In 2015, Chowdhury resigned from the post of vice-chairman of the Bangladesh Nationalist Party. He joined Bikalpa Dhara Bangladesh, led by AQM Badruddoza Chowdhury, in 2018. Golam Sarwar and Shafiqur Rahman also joined Bikalpa Dhara Bangladesh with Chowdhury through presenting flowers to AQM Badruddoza Chowdhury. He was nominated to contest the 2018 general election from Sylhet-6 as a candidate of Bikalpa Dhara, which was in an alliance with the Awami League. He quit the election after the Awami League-led grand alliance nominated Nurul Islam Nahid.

In September 2023, Chowdhury became chairman of Trinomool BNP, founded by Nazmul Huda, in September 2023. He led the Trinomool BNP into participating in the 2024 general election. He, and all the candidates of his party including Taimur Alam Khandaker lost in the election. Chowdhury came third with 10,000 votes while Nurul Islam Nahid of the Awami League won the election with 57,758 votes.

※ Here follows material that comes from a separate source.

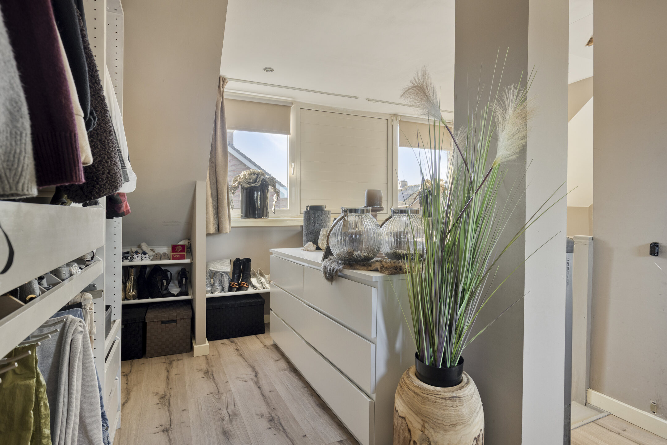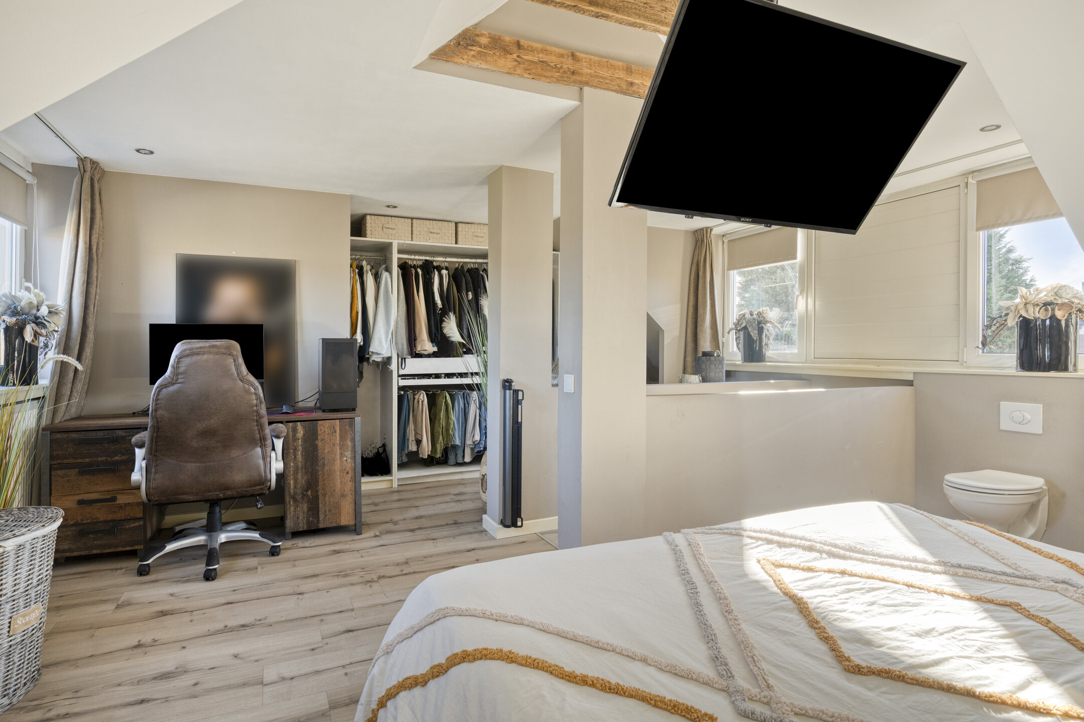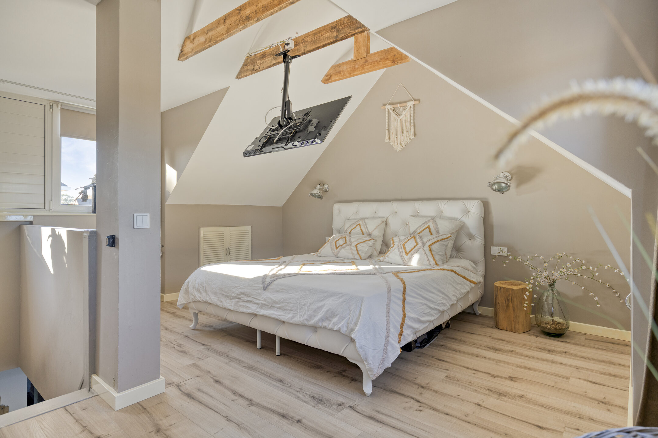 Op de eerste verdieping word je verrast door een ruime loftslaapkamer met een hotelachtige sfeer. De balken in het zicht, kunststof dakkapellen aan beide zijden, plafondspots en inloopkasten maken dit een plek om heerlijk tot rust te komen. Ook hier vind je een tweede toilet en extra bergruimte onder de knieschotten.

Chowdhury was prevented from leaving Bangladesh on 17 October 2024 after the fall of the Sheikh Hasina-led Awami League government. He was supposed to fly to Thailand for medical treatment. He was arrested by the Detective Branch from his home in Banani DOHS that night according to deputy commissioner Muhammad Talebur Rabman. According to the police, he was arrested in a case filed by the Bangladesh Nationalist Party on 14 September over an attack on their office on 28 October 2023 and taken to the headquarters of the Detective Branch. Dhaka Metropolitan Public Prosecutor Omar Faruq Faruqi opposed his bail, calling him a "turncoat" for leaving the Bangladesh Nationalist Party.